Mistletoe and Holly
Copyright© 2015 by Stultus
Chapter 1
Christmas Sex Story: Chapter 1 - Christmas just wasn't the same without Holly under the mistletoe. A very romantic longer Christmas tale of old lovers reunited and new chances, with plenty of erotic sizzle for your own moments under the mistletoe. An older holiday favorite story returned at last to SOL!
Caution: This Christmas Sex Story contains strong sexual content, including Ma/Fa Romantic Humor Tear Jerker Oral Sex Anal Sex Double Penetration Slow
(Almost) Every year I write at least one Christmas story and on a good year two or more. Very odd for someone who maintains that they dislike the holiday in the first place! This was supposed to be a rather shorter story about yet another strange holiday party, but I became interested in the characters and wanted to tell their story in much fuller detail. The story just kept going and going ... but probably in a good sort of way.
It was without a doubt the best Christmas present of my entire life. My older brother Jeffery had shipped out with the Marines to a new duty station, this time overseas to Japan and he had gifted me, a few weeks before Christmas, his pride and joy – a 1967 Chevy Camaro convertible! She was pure vintage Detroit steel and muscle, with the biggest rocket engine the factory could put in her in those days, a whopper of a 396 cu in (6.5 L) V8 engine. He'd tinkered with her all year long wanting to turn her into a mega-street racer, but with very mixed results. Yeah, almost just like the Springsteen song Racing in the Streets, except the one in the song was a sixty-nine Chevy and this didn't have Fuelie heads or a Hurst on the floor. Probably only because my brother hadn't finished screwing up this gem of a car to quite that degree just yet.
He'd bought the car in nearly pristine condition with his saved up pay from his last tour in Iraq and then he decided to 'upgrade' it, piece by piece ... screwing it up at every step along the way.
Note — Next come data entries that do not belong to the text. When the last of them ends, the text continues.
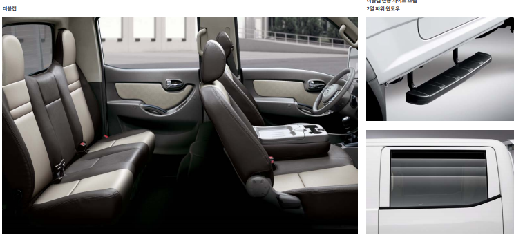• 외관 : 자외선 차단 유리(앞면), 선셰이드 적용 앞면 유리, 적재함 브림 커버
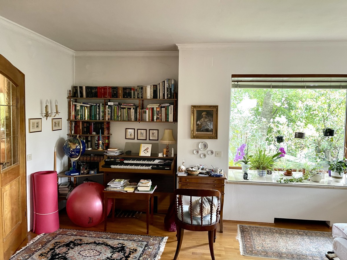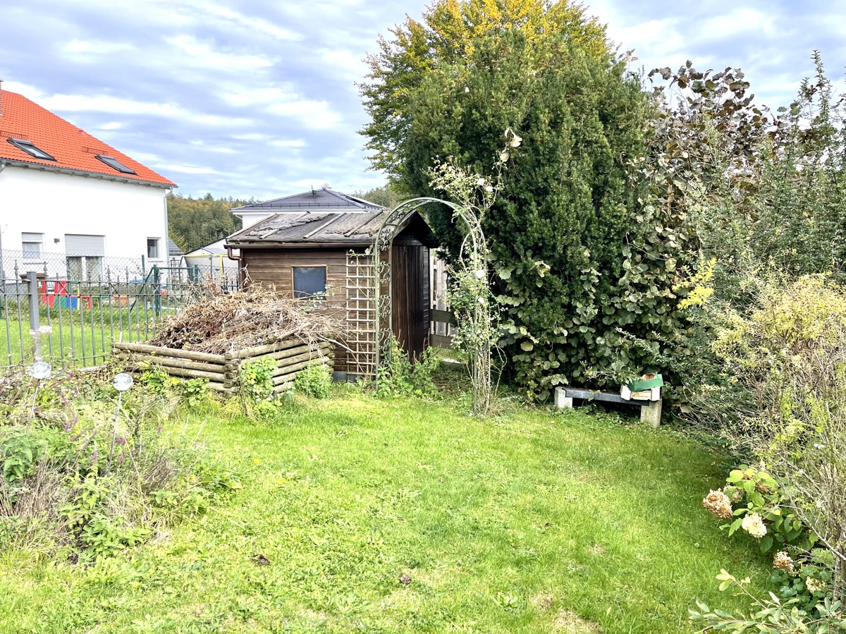 Umrundet wird das Einfamilienhaus von einem großen, eingewachsenen Garten mit Gartenhütte.
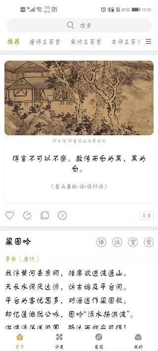 4、用户可以点击有兴趣的古诗,软件下方会有详细的注释。
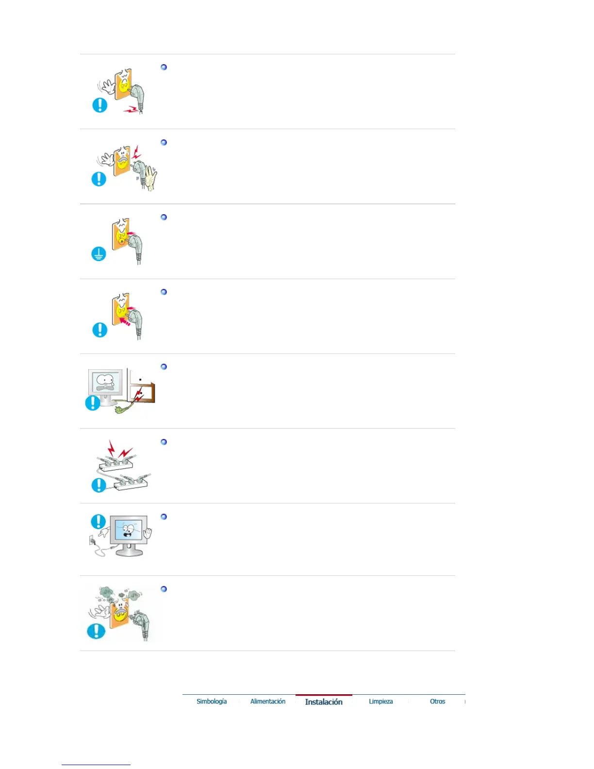 No jale del cordón ni toque el tomacorriente con las manos mojadas.
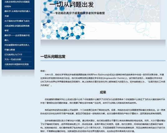 我院2016级博士生于建一在刘宇宙教授的悉心指导下,以唯一一作身份在世界化学界最受推崇的顶级期刊之一德国化学会会志(AngewandteChemie International Edition,影响因子为11.994)上发表相关论文,论文题目为:Cyclic Polysiloxanes with Linked Cyclotetrasiloxane Subunits,即“环环相扣”的环状聚硅氧烷。近期,刘宇宙教授作为课题组负责人接受了学校采访,并在北航新闻网首页“科学研究”专栏进行了报道。
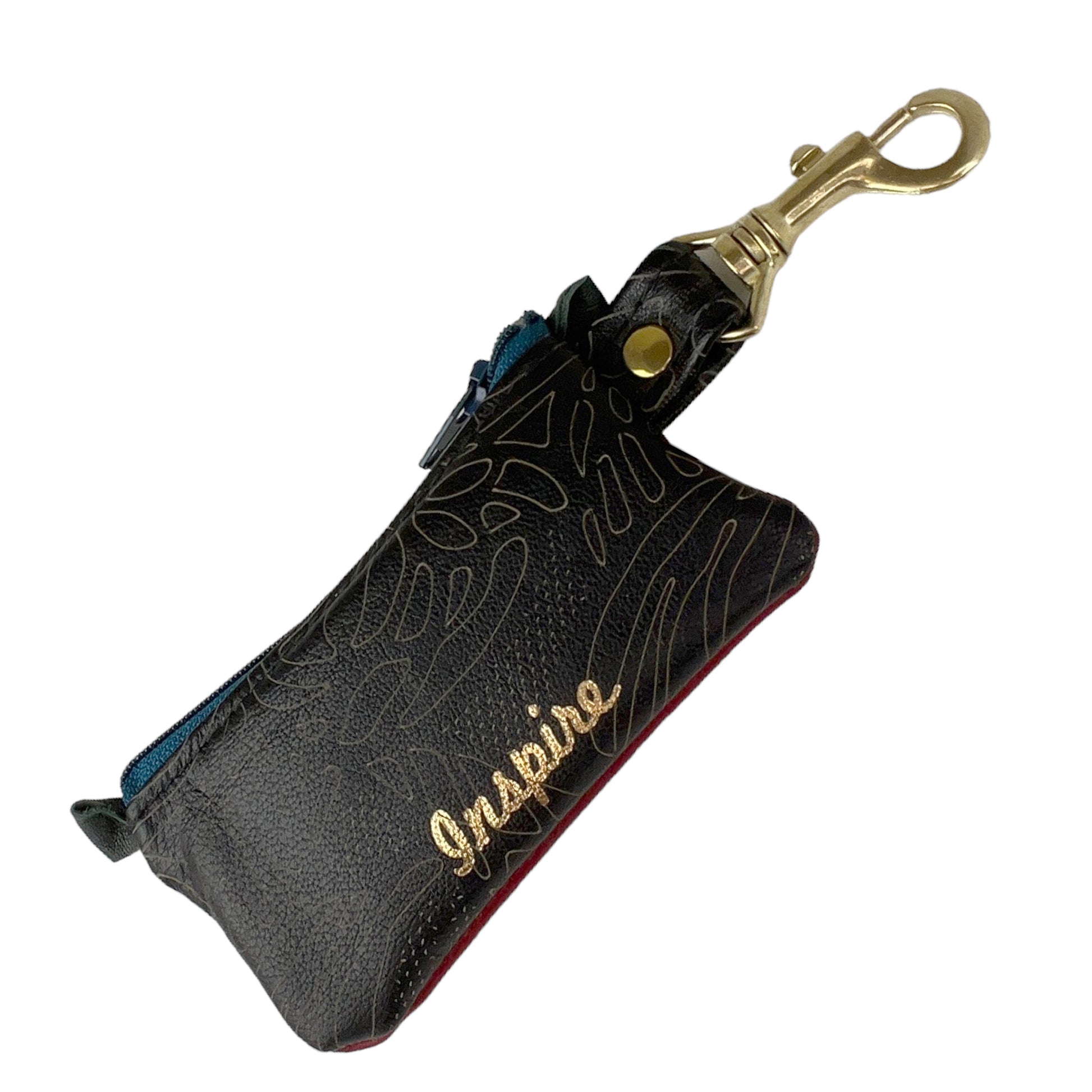 This "Inspire" attachable zipper Positive change and card purse is made from hand cut lamb leather that has been embossed with gold leaf. Each one is unique with it's own color combination. Made to attach to ones key ring.
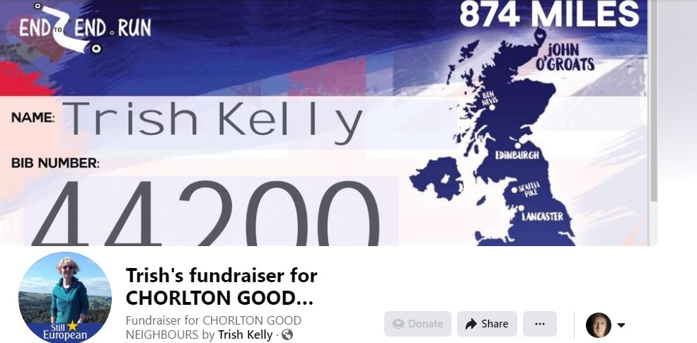 Trish Kelly, a CGN volunteer) has already raised over £400 for Chorlton Good Neighbours, please support her efforts . She has a long way to go yet!
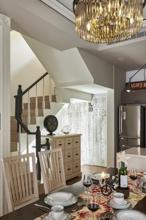 以回憶為設計載體,運用溫潤質地,串連起居家表情,是美式住宅迷人的魅力所在。而充滿仿舊氛圍的室內空間,除了替一家人的溫馨故事增色不少外,也在隨興不羈的設計步調中,勾勒出浪漫動人的大宅樣貌。
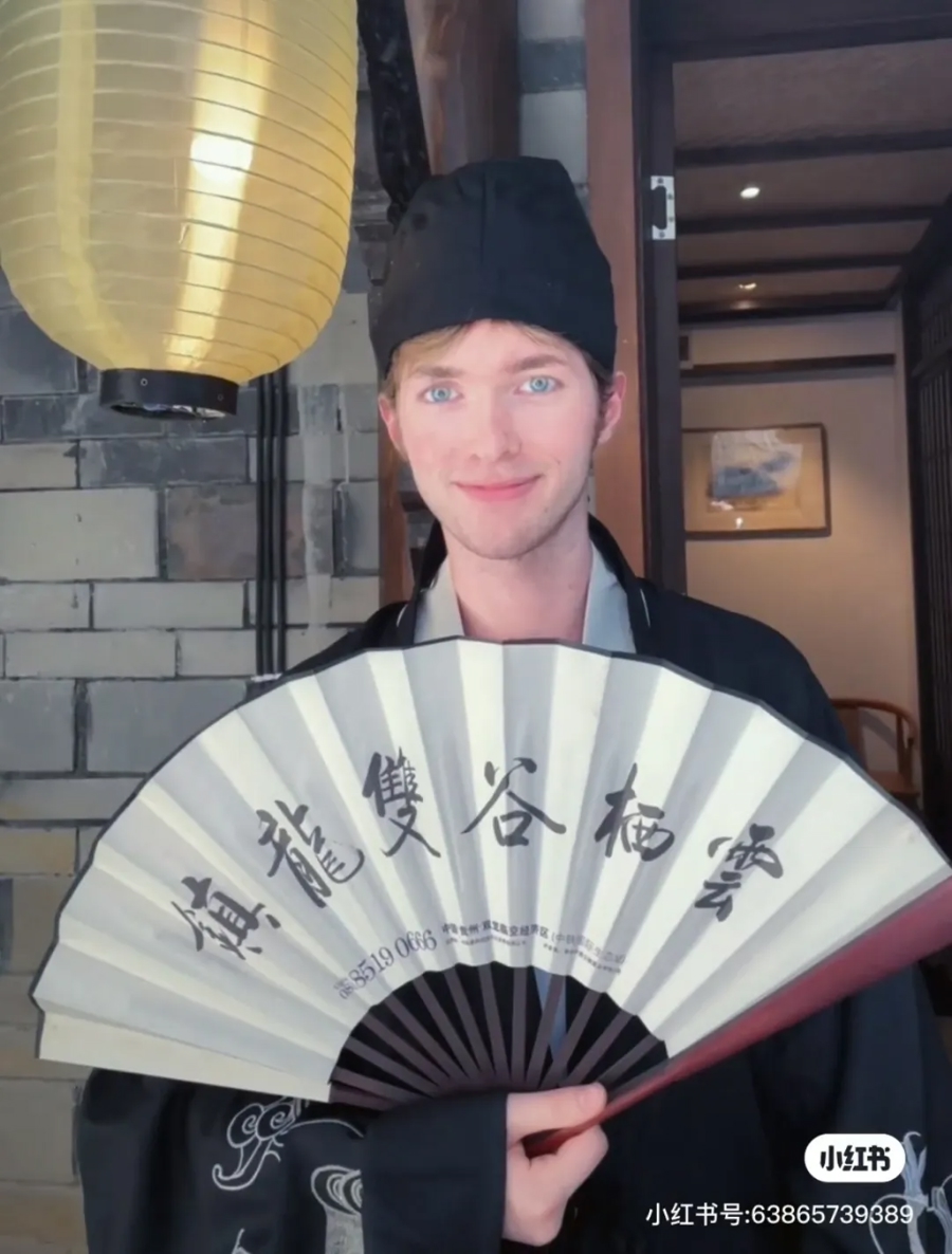 苏州拙政园里,斯拉夫小姐姐穿粉色纱质襦裙,手执团扇走过九曲桥,与古典园林相映成趣;西安鼓楼前,英国小哥穿着黑色龙纹长袍、戴上金丝翼善冠,摆出“帝王 pose三件套”;上海田子坊茶馆内,法国博主用折扇半掩着脸,拍了一套“文人雅士” 写真,还幽默发帖。
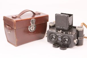 Antiq-Photo est aussi spécialiste des appareils stéréoscopiques anciens : visionneuses, cartes stéréo, vues en relief, jumelles et accessoires 3D. Nous mettons en valeur la stéréoscopie, technique d’illusion de profondeur et d’image en relief, avec des pièces rares destinées aux collectionneurs, chercheurs et amateurs de patrimoine photographique.
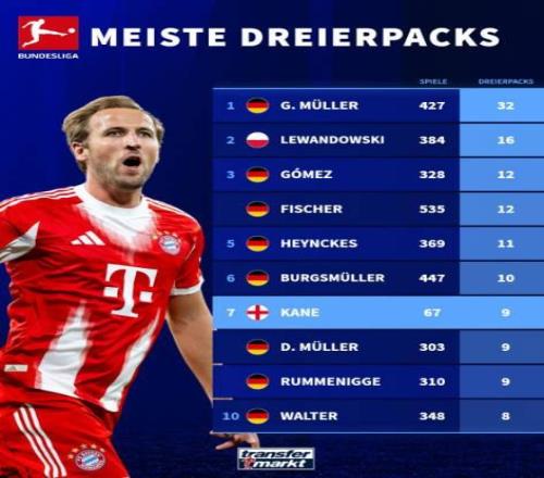 | 在上周拜仁客场4-1击败霍芬海姆的比赛中,凯恩完成了帽子戏法,北京时间9月23日,德国转会市场列举了德甲球员在联赛中完成帽子戏法次数的排行榜,其中盖德-穆勒居首,凯恩位列第七名。
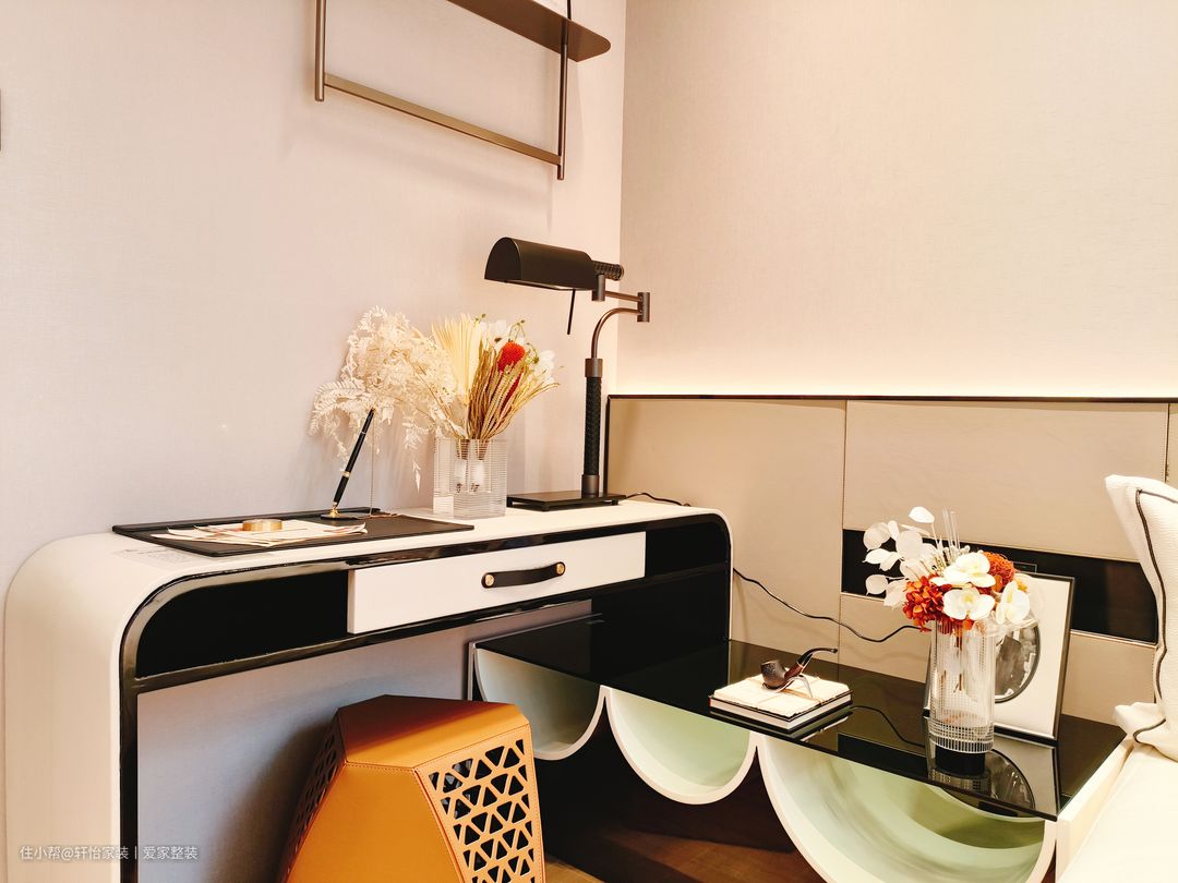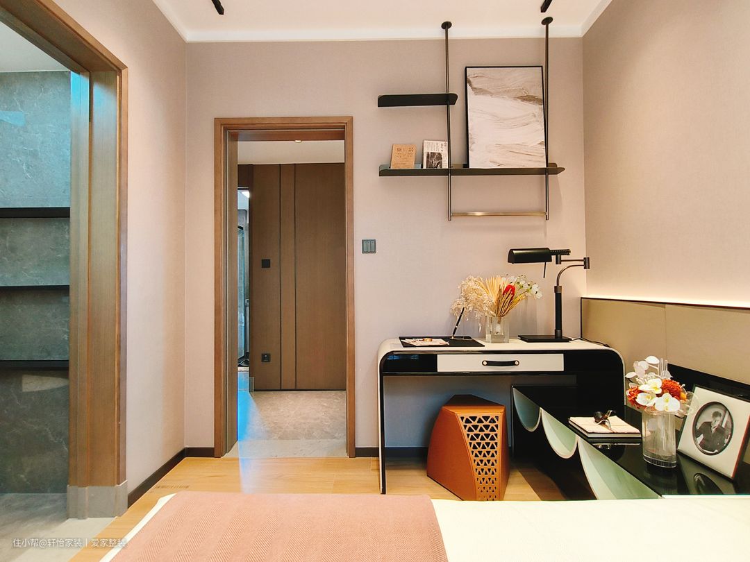 次卧延续主卧的装修风格,双眼皮石膏线吊顶,造型简约好看不压层高,空间不压抑。线条分明有质感的家居,搭配上三种不同式样床品,柔软的质地,营造了舒适的休憩环境。纯色背景墙上挂一色彩装饰画,做了简单的装饰,减少了背景墙的单一性。单边床头柜呈现简单而又不失轻奢感的设计,有丰富的质感和收纳能力,整体素雅耐看又不失温馨。 简约的黑背书桌贴墙放置,不仅有可以储物的功能,还有能够提升空间的统一度,从而达到装饰美化空间的效果。墙上悬空式的置物架,极具创意色彩,将户主喜欢的小玩意摆放布置,也不显得凌乱。
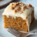 A single square piece of moist, light brown cake sits on a white plate with a silver fork beside it. The cake has a soft, crumbly texture with visible tiny air pockets. It is covered with a thick layer of smooth, creamy beige frosting that drips slightly down the sides. On top of the frosting, there are chopped pecan pieces scattered, giving a crunchy contrast. The plate is placed on a white marbled surface, and the background is softly blurred. photo taken with an iphone --ar 4:5 --v 7
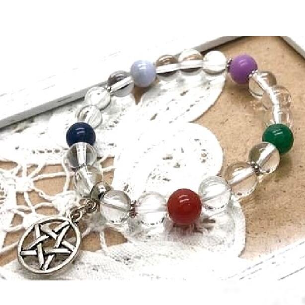 パワーストーン ブレスレット 天然石 五芒星 カラフル ハンドメイド アクセサリー プレゼント 女性・・・
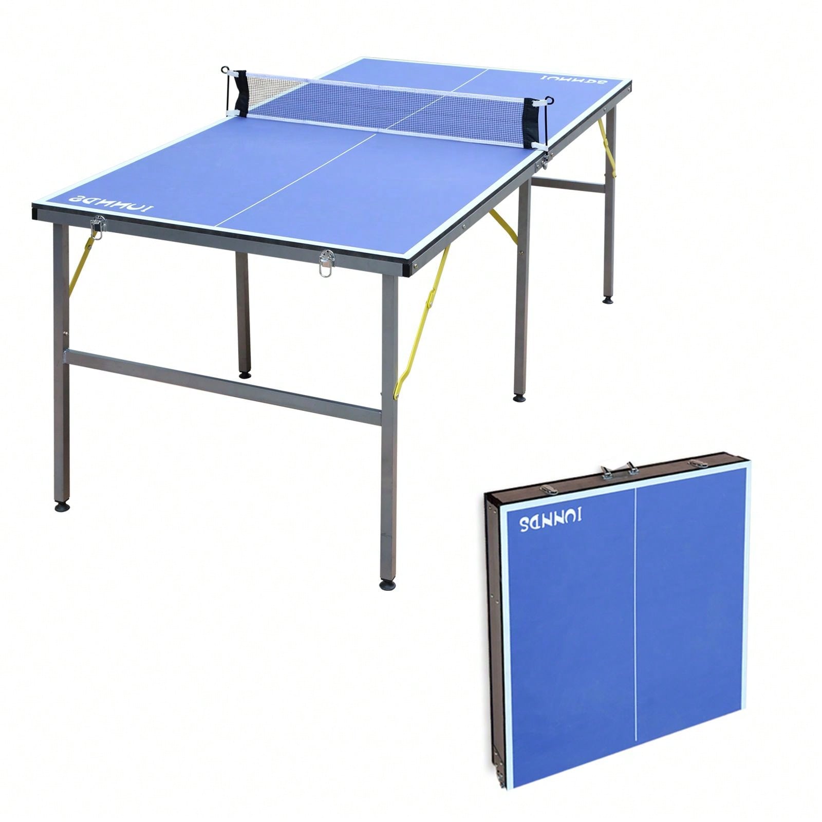Mid-Size Table Tennis Table, Foldable & Portable Ping Pong Table Set For Indoor & Outdoor Games With Net, 2 Table Tennis Paddles And 3 Balls
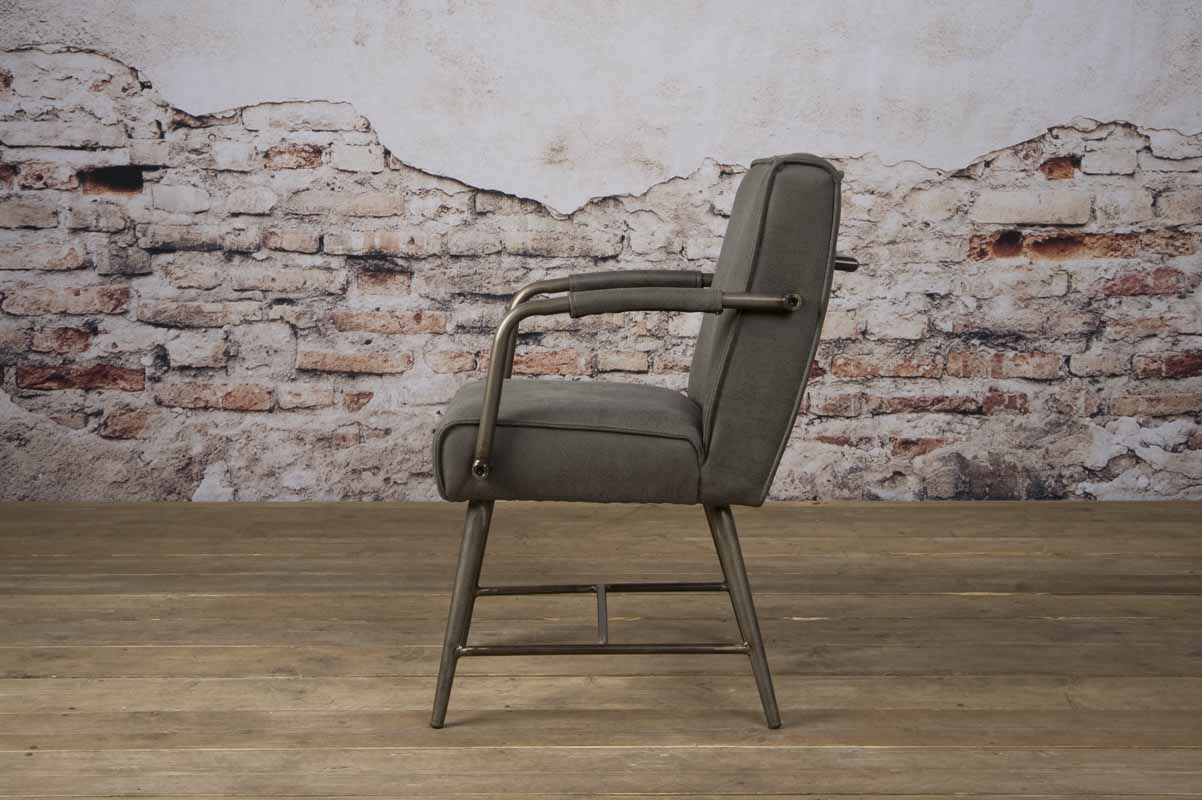 De industriële eetkamerstoel Belmonte met armleuningen van Tower Living bestaat uit en stoere, functionele stoel met een sterk en zelfverzekerd karakter. Industrieel staat voor een stoer en robuust design, soms met een heuse vintage look. De truc zit hem in het maken van de juiste combinaties en de kwaliteit van de materialen die gebruikt zijn. Uitgevoerd in de kleur grijs stof en metalen poten, ook hebben deze stoelen 1 handgreep op de achterzijde van de rugleuning.
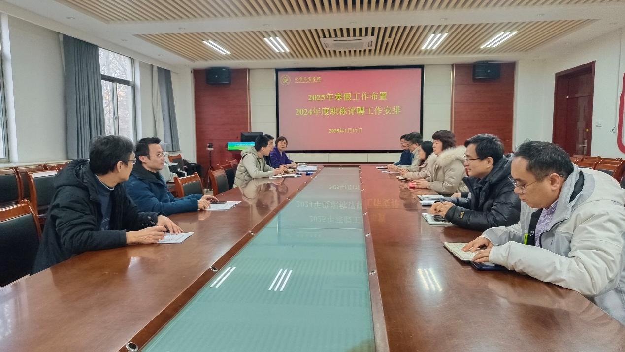 2025年1月17日下午,太阳成集团tyc234cc在学院207会议室召开2025年寒假工作布置及2024年度职称评聘工作安排推进会,会议由院长龚良玉主持,学院领导、系主任及学院骨干参会。
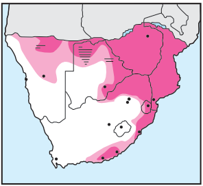 Occurs in woodland, bushveld, riparian 'forest's and coastal bush.

In fact when the car was delivered to me she wasn't even drivable!
To make a long story short, he'd decided to replace the original 2-barrel carburetor with a 4-barrel Holley so he'd taken off the old intake manifold and replaced it with a 4-barrel one from a later model Camaro ... and then realized he'd reached his automotive level of incompetence while installing the new carb. Rebuilt rather incompetently, it leaked gas like crazy and his engine caught on fire twice after that. Now the car was a mess inside and out (it also leaked engine oil under the dashboard due to an indifferently installed aftermarket oil gauge my brother had left dangling) and he'd totally lost patience and interest in the street racer project. Now it was my problem to deal with!
Actually, my older brother and I weren't all that tight so he probably thought he was having a laugh at me, dumping me with his completely screwed up restoration project that he'd run out of time, pocket money and ambition to deal with. He was five years older than me and was only just now getting his life and shit together, deciding to re-up with the Marines and go career. He wasn't the college type (barely getting through high school) and he was genuinely proud of me for my recent graduation from college with a double degree in both business and petroleum engineering. Tops in my class, Valedictorian even.
It wasn't fair really; I had gotten all of the brains in the family (and the more pleasant personality) and even in a soft economy I was apparently going to be doing pretty well in life, considering all of the calls from corporate recruiters I'd been getting lately. Jeff had been an ass for most of his teenaged and early adult life but the Corps had straightened his shit out, mostly. Big brother was going to become a pretty decent NCO and likely have a respectable and full career far away from home and his troubled past. I think by gifting me his beloved car this was a last step to turning a page in his life and career, putting the dodgier parts of his past behind him and maybe there was even a token of 'I'm sorry for being a shit to you, kid brother', but I wouldn't take any bets on that.
If nothing else, I'd soon be earning the kind of big bucks that could put this one last mess of his back to rightness once more. It would have to wait though, until I completed my internship and hopefully had accepted a permanent job offer ... or better yet the highest of several competing offers!
Right now, being a semi-starving and mostly unpaid intern, I didn't have much for money, but at the moment I really needed this car ... and absolutely had to get it minimally running. My old Nissan Stanza was on the verge of another major breakdown and the sixty mile trip back and forth to work (well ... internship) each way was a killer.
The Stanza immediately sensed that she had competition for my affections and promptly snapped her timing belt the very next day, bending two of her camshafts and several of her rocker arms in the process of her final violent death spasms. I promptly sold her 'as-is' for cash, enough to get maybe the minimal necessities required to get the Camaro rolling again.
While I wasn't much of a do-it-yourselfer, I did have an old high school friend who was sort of a shade tree grease-monkey, or at least competent enough to help me bolt the old two-barrel intake manifold back on, with the old plain factory (working) carburetor still mounted and injecting gas without starting engine fires, at least in theory.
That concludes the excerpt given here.